YOUR INSTRUCTIONS.
The lines below, from the one containing "touched the grapes." through the one containing "表4.3.10 石化(hua)標準硬聚氯乙烯管(guan)的公稱外徑范圍", should be set down exactly, with no pictures and nothing else.

-------- RECORDS SUPPLIED

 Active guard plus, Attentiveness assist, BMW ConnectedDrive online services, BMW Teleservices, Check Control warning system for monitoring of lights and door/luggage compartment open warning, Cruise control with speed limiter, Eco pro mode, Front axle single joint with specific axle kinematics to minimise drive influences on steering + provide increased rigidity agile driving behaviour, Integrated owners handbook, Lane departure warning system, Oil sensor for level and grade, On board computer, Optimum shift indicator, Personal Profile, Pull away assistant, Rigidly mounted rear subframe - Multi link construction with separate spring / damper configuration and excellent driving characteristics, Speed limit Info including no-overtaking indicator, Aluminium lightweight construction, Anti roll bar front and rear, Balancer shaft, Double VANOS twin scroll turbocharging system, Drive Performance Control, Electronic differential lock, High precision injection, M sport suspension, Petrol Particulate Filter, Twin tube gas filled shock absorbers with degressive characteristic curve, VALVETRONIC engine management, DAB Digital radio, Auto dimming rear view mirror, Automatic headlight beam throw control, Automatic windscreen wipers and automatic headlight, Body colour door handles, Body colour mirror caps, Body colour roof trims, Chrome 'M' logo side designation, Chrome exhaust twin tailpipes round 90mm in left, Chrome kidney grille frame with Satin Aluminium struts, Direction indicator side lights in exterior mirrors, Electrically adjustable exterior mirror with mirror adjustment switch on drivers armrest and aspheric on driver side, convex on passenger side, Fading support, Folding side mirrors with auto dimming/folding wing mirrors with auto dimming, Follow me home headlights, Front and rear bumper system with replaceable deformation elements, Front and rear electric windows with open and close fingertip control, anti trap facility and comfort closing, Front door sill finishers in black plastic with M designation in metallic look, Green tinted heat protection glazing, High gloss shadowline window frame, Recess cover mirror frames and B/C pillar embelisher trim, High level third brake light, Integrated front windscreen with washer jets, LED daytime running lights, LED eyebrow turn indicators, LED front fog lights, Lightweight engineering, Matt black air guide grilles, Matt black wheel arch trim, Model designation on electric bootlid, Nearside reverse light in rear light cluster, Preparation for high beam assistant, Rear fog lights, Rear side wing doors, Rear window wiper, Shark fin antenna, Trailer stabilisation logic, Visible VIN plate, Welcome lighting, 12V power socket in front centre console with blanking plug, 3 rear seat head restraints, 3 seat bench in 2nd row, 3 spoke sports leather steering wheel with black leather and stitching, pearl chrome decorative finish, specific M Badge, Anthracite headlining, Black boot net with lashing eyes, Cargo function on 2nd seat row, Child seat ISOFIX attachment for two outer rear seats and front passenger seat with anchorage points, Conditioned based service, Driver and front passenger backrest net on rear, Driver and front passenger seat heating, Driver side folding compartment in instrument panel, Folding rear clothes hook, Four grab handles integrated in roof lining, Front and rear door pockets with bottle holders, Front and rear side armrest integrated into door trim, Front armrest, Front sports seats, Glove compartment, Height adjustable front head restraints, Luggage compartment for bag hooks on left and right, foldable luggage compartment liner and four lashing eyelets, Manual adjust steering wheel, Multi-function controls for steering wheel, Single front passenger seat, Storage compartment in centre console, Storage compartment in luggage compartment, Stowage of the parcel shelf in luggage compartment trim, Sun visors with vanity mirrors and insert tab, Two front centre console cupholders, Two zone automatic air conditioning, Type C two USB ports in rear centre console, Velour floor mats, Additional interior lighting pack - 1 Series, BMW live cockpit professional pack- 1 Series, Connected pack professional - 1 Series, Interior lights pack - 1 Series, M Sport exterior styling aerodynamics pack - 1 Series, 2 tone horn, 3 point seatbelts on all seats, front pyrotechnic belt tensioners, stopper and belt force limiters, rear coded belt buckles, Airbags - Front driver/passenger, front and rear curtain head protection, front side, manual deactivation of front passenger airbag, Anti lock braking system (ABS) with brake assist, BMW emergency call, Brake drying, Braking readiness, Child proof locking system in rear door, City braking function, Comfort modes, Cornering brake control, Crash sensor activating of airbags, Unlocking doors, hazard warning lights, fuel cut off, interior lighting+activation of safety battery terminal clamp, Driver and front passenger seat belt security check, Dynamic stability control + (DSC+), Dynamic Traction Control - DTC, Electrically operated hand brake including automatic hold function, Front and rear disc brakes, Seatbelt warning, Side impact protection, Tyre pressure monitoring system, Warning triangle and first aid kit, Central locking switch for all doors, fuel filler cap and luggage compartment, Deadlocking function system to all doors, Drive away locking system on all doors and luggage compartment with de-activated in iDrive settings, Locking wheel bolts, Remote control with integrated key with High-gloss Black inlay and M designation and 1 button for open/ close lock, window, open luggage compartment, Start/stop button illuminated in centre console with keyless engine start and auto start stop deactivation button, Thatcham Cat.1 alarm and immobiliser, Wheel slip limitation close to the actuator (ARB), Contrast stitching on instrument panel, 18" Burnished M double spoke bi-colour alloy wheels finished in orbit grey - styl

----------------
-------- RECORDS SUPPLIED

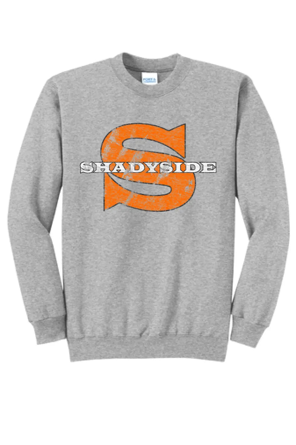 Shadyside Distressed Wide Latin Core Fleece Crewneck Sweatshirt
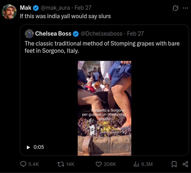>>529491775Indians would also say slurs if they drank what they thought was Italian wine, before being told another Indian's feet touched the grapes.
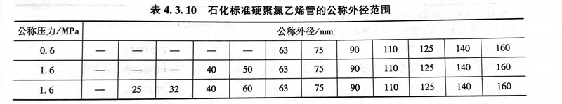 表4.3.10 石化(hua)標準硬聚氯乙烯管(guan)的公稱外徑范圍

----------------
-------- RECORDS SUPPLIED

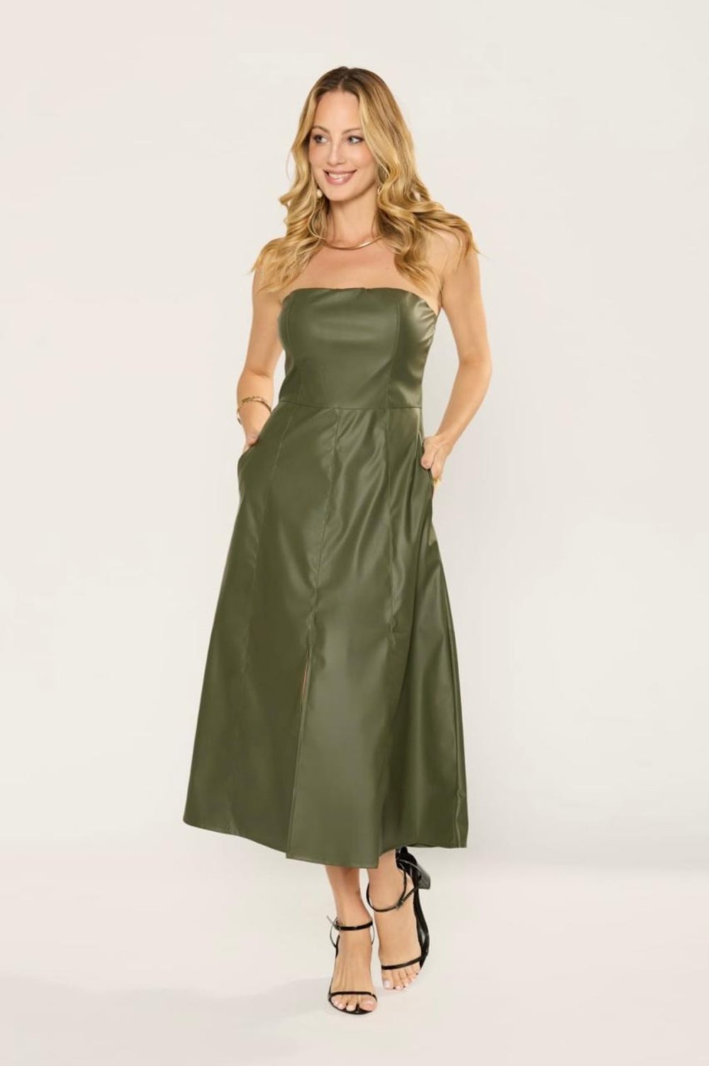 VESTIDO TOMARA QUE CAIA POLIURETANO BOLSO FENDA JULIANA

----------------

ANSWER SPACE.
>>529491775Indians would also say slurs if they drank what they thought was Italian wine, before being told another Indian's feet touched the grapes.
 表4.3.10 石化(hua)標準硬聚氯乙烯管(guan)的公稱外徑范圍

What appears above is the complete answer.